Available data
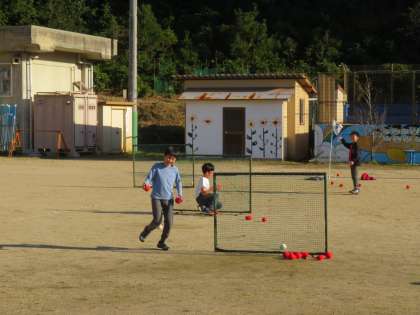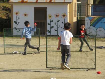 運動会の玉入れで使う玉を雪の代わりにし,雪合戦をしていました。
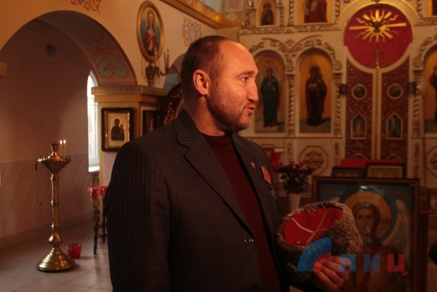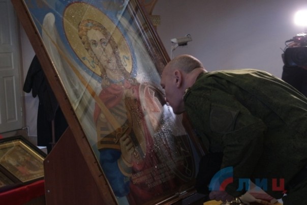 "В ноябре в Москве на IV Казачьем Круге СКВРиЗ было принято решение в дар казакам Луганска передать икону Архангела Михаила, чтобы по молитвам командующего небесным воинством молодая Луганская Народная Республика одержала победу над врагами, которые пришли на ее землю. Думаю, при его поддержке враг будет сражен как на земле, так и на небе. Икона была написана в Москве и освящена сегодня здесь, в храме Луганской Народной Республики", - рассказал он.
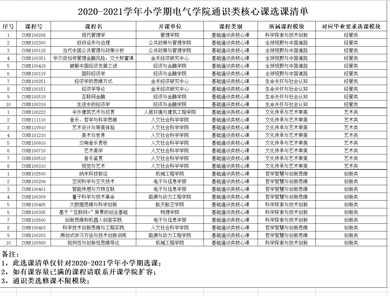 1,电气学院培养方案及毕业要求中规定学生大四毕业前完成通识类核心课6学分,其中在经管类、艺术类、创新类三类中各选2学分;
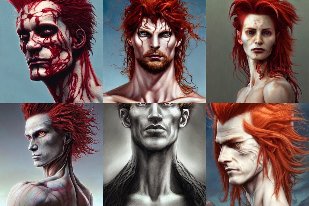 portrait of hisoka tousled medium - length red hair , musculine , with multiple heads , beautiful detailed intricate insanely detailed octane render , evil mood , a long gaunt face and skinny body and neck , perfect face!! intricate , trending onartstation , birds flying , portrait art by donato giancola and greg rutkowski , greg rutkowski extremely detailed , holographic screen in center frame , 4022014538 , glowing lights!! intricate elegant , last exile , elegant bridges between towers , art by wlop and greg rutkowski , water splashes , cinematic lighting!! , piano disco ball dance floor neon laser spotlights | digital drawing by thomas cole , lush garden ,
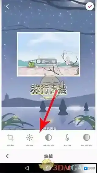 8、这时点击页面底部的编辑图标,便可打开图片编辑,这里可选的功能包括明度调整、对比度调整、饱和度调整等。
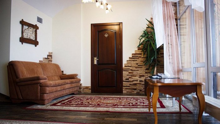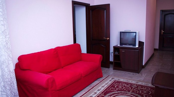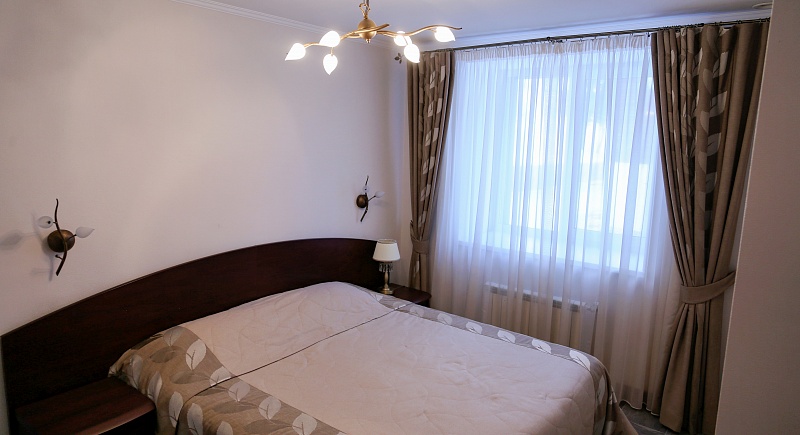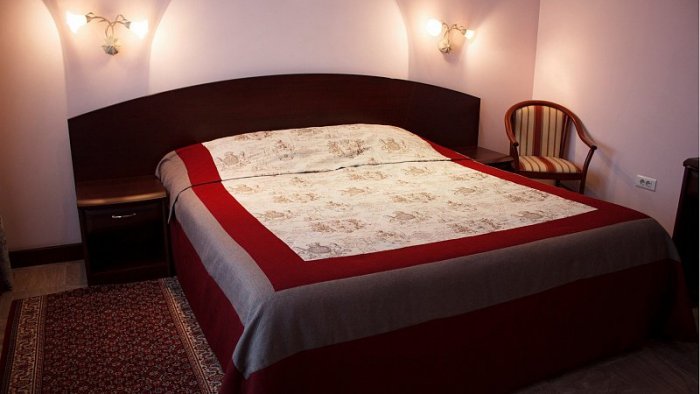 – Люкс (5 номеров). 2 основных места / 2 дополнительных места (предоставляются на диване). Двухкомнатный номер. Гостиная: диван, кресла, журнальный столик, мини-бар, холодильник, телефон, телевизор. Спальня: двуспальная кровать, прикроватная тумба, туалетный столик, стулья, зеркало, сейф, телевизор. Санузел: душевая кабина или ванна, раковина, фен, халат, тапочки, набор полотенец, умывальные принадлежности (зубная щетка, зубная паста, разовое мыло, разовый шампунь), унитаз. Площадь номера: 35 кв. м.
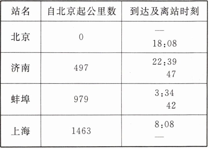 6. 下表为简化的北京至上海 $ T13 $ 次特快列车时刻表。请计算:
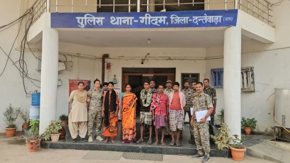 बस्तर फाइटर्स और डीआरजी को मिली कामयाबी : थाना गीदम क्षेत्र में प्रतिबंधित माओवादी संगठन के सक्रिय सदस्यों की उपस्थिति की सूचना पर डीआरजी और बस्तर फाइटर्स की टीम के नियमित गश्त एवं चेकिंग कर रही थी. तभी 28 मार्च को मुखबिर की सूचना पर तुमनार नदी घाट के पास कुछ माओवादियों की उपस्थिति की तस्दीक करने के लिए दंतेवाड़ा DRG और बस्तर फाइटर्स की टीम रात को निकली. वापसी के दौरान सुबह नेलगोड़ा तुमनार के नदी घाट के पगडंडी के पास जैसे ही टीम पहुंची. पुलिस बल को देखकर कुछ लोग छिपने लगे. जिन्हें घेराबंदी कर मौके पर ही दो महिलाओं सहित पांच लोगों को पकड़ा गया. जिन्होंने पूछताछ करने पर बताया कि सभी आईईडी लगाने के लिए रेकी कर रहे थे.
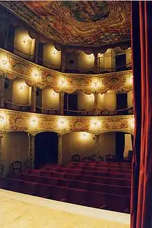 The nucleus for the theater was formed by a Società del Teatro, founded in 1780, and composed of ten condomini (owners) in the town. They utilized this space in the town palace to build this theater with a frescoed wooden roof, above ground seating and two floors of theater boxes. The decoration is an elaborate rococo décor on wood, with wooden columns painted as faux marble. The theater presently sits about 100 persons. In the twentieth century, for years the theater was abandoned and threatened with destruction. In 1985 it was designated as a historic national treasure and recently subsequently restored.[1]
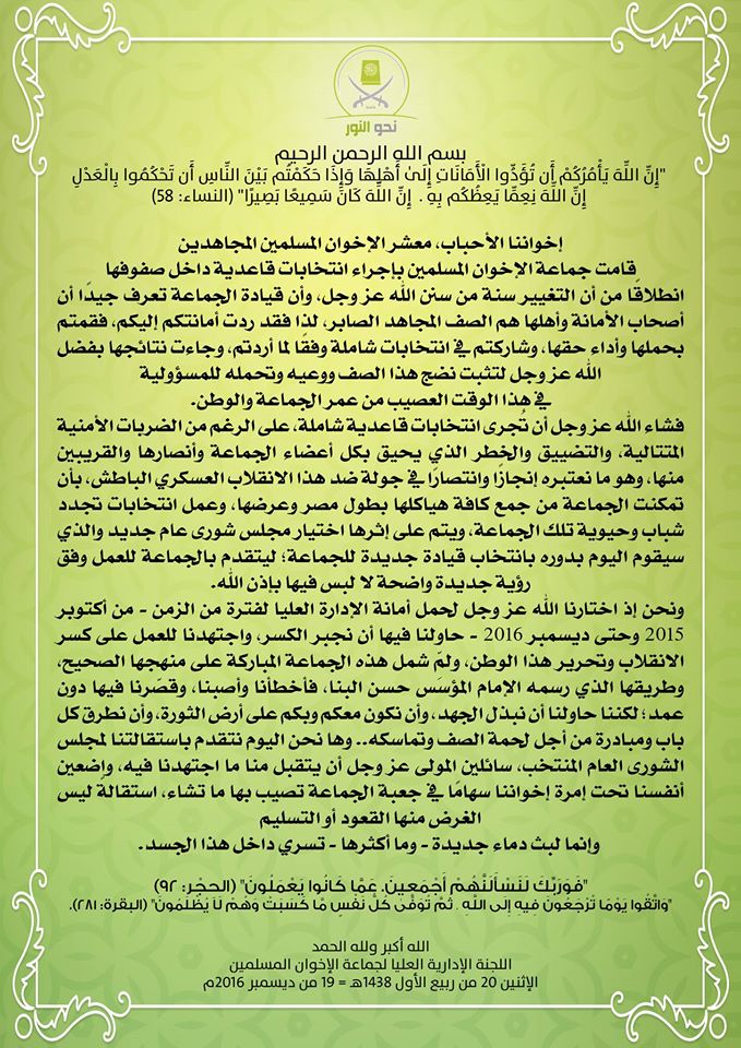 واختتمت اللجنة بيانها قائلة :”نحن إذ اختارنا الله عز وجل لحمل أمانة الإدارة العليا لفترة من الزمن – من أكتوبر 2015 وحتى ديسمبر 2016 – حاولنا فيها أن نجبر الكسر، واجتهدنا للعمل على كسر الانقلاب وتحرير هذا الوطن، ولمِّ شمل هذه الجماعة المباركة على منهجها الصحيح، وطريقها الذي رسمه الإمام المؤسس حسن البنا، فأخطأنا وأصبنا، وقصّرنا فيها دون عمد؛ لكننا حاولنا أن نبذل الجهد، وأن نكون معكم وبكم على أرض الثورة، وأن نطرق كل باب ومبادرة من أجل لحمة الصف وتماسكه.. وها نحن اليوم نتقدم باستقالتنا لمجلس الشورى العام المنتخب، سائلين المولى عز وجل أن يتقبل منا ما اجتهدنا فيه، واضعين أنفسنا تحت إمرة إخواننا سهامًا في جعبة الجماعة تصيب بها ما تشاء، استقالةً ليس الغرض منها القعود أو التسليم، وإنما لبث دماء جديدة – وما أكثرها – تسري داخل هذا الجسد”.
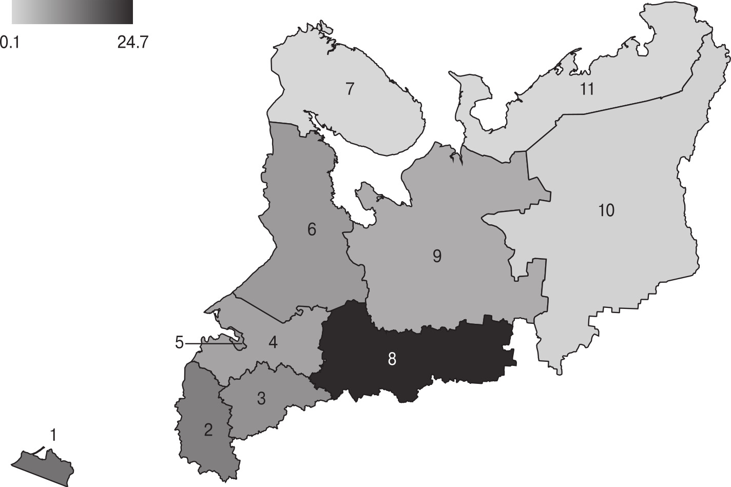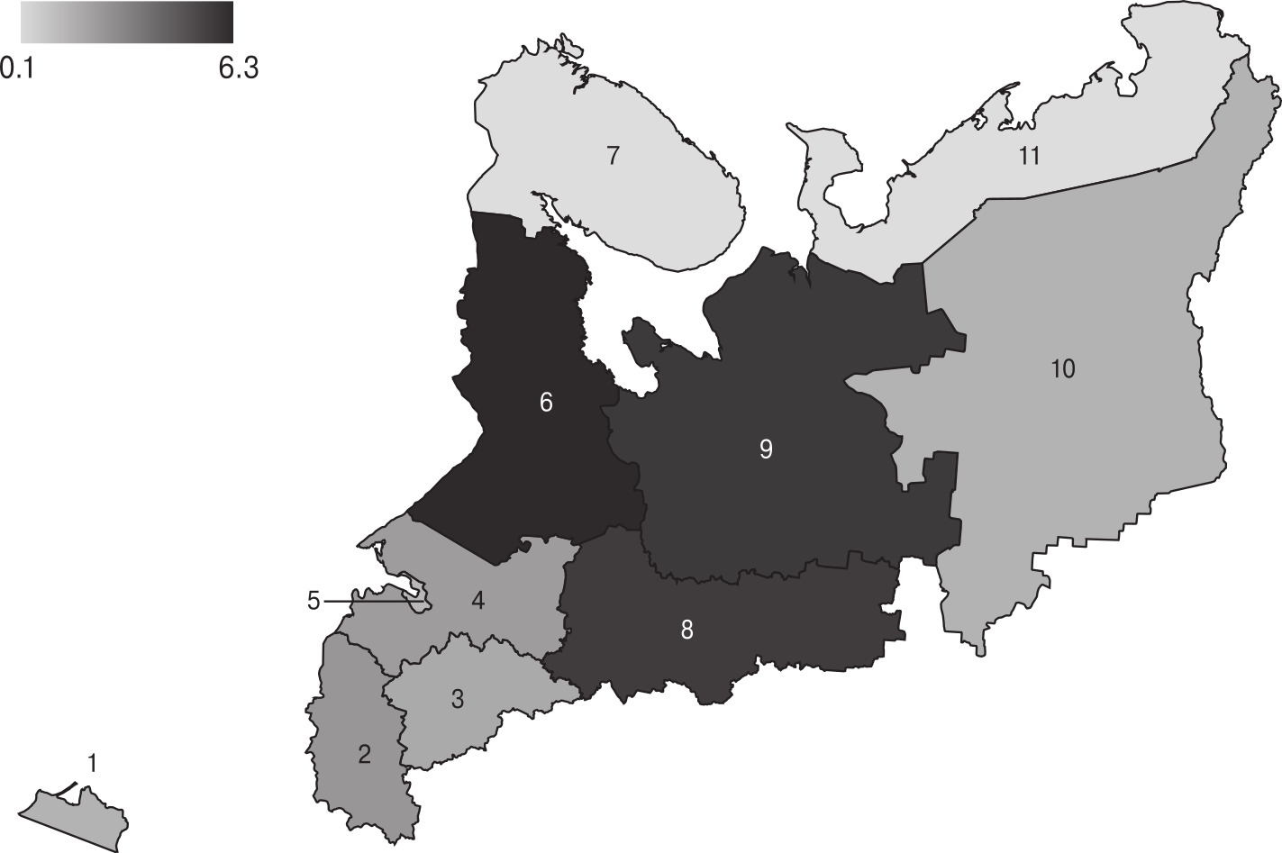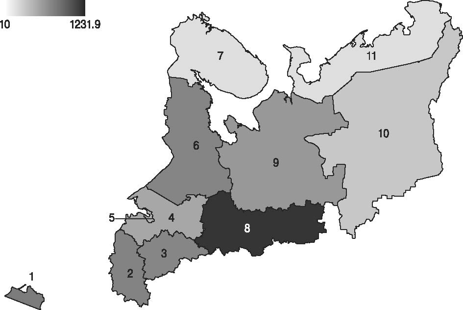Note. 1 — Kaliningrad Oblast, 2 — Pskov Oblast, 3 — Novgorod Oblast, 4 — Leningrad Oblast, 5 — St. Petersburg, 6 — the Republic of Karelia, 7 — Murmansk Oblast, 8 — Vologda Oblast, 9 — Arkhangelsk Oblast, 10 — the Republic of Komi, 11 — Nenets Autonomous Okrug.
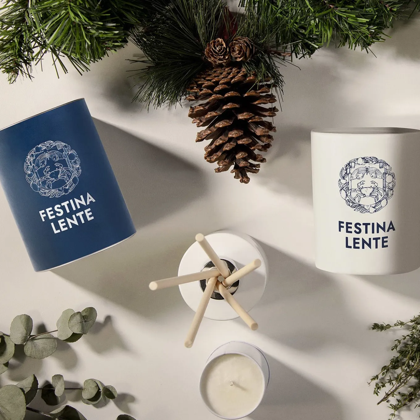 This candle is poured by hand in a white glass container with a glossy white finish printed with the Festina Lente Home logo in black, inspired by the symbols of the crab and the butterfly first appeared on gold coins minted for emperor Augustus in ancient Rome. The capacity of 220 gr (7.7 oz) makes for a total burning time of 45-50 hours. The candle comes in a container with a metal pressure lid. The wax is 100% pure soy wax with no GMO. All the fragrances are vegan, cruelty-free, and phthalate-free. The wick is in cotton and paper. Borea (North in Latin) is reminiscent of fragrant fir and fresh resin. The dark of the afternoon has the scent of fir needles and resin, among notes of eucalyptus and pinecone. It invites us to take deep breaths in between words suspended in white clouds. The brisk air reddens our cheeks while the newly fallen snow creaks under our steps. Everything is silent, illuminated by bright winter stars. Olfactory pyramid: Head: white mint, lemon; Heart: green resin, thyme; Base: cedar wood, fir needle.
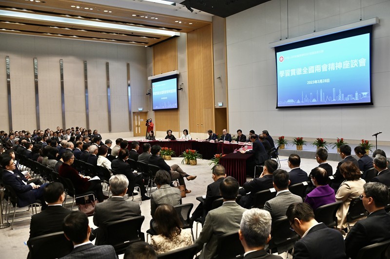 香港新聞網3月28日電 香港特區政府28日在政府總部舉辦座談會,讓與會者更深入了解全國兩會的重要內容及對香港未來發展的意義。 座談會由行政長官李家超主持,香港中聯辦主任鄭雁雄應邀出席,並作分享發言。約180人出席座談會,包括司局長等特區政府主要官員、行政會議成員、立法會議員、常任秘書長及部門首長等。
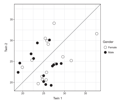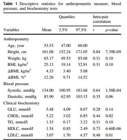 表1展示了樣本相關(guān)人體測(cè)量和生化變量的結(jié)果。最后一列是每個(gè)變量的對(duì)內(nèi)相關(guān)性。大多數(shù)變量具有相當(dāng)高的和/或顯著相關(guān)性,一些顯示低或不顯著的對(duì)內(nèi)相關(guān)性(例如GLU,TG)。下圖顯示了每對(duì)雙胞胎的BMI測(cè)量值。所有雙胞胎都與對(duì)角線保持距離,表明BMI測(cè)量中的對(duì)內(nèi)不一致。同時(shí),圖中的總體模式還表明如表1中報(bào)告的BMI的弱配對(duì)內(nèi)相關(guān)性(r = 0.307,p = 0.099)。在男性(實(shí)點(diǎn))和女性(空點(diǎn))雙胞胎中沒有觀察到BMI不一致的性別特異性模式。
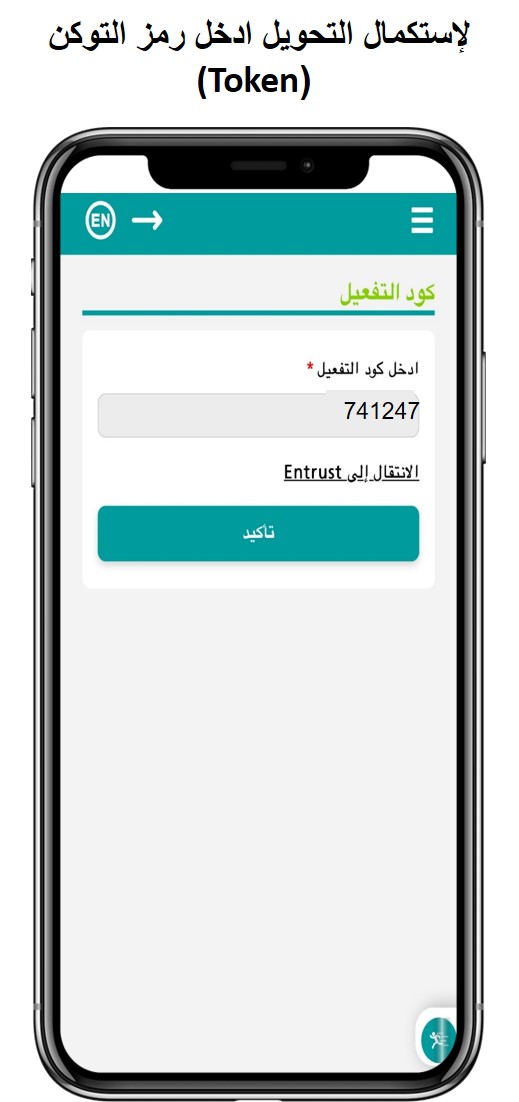 9. أدخل “رمز الأمان Token ” واضغط على “تأكيد”

About this task
Set down the records above exactly as written, beginning with the first line and ending with the line that contains "1,电气学院培养方案及毕业要", and do not include pictures.

Task solution
 運動会の玉入れで使う玉を雪の代わりにし,雪合戦をしていました。
 "В ноябре в Москве на IV Казачьем Круге СКВРиЗ было принято решение в дар казакам Луганска передать икону Архангела Михаила, чтобы по молитвам командующего небесным воинством молодая Луганская Народная Республика одержала победу над врагами, которые пришли на ее землю. Думаю, при его поддержке враг будет сражен как на земле, так и на небе. Икона была написана в Москве и освящена сегодня здесь, в храме Луганской Народной Республики", - рассказал он.
 1,电气学院培养方案及毕业要求中规定学生大四毕业前完成通识类核心课6学分,其中在经管类、艺术类、创新类三类中各选2学分;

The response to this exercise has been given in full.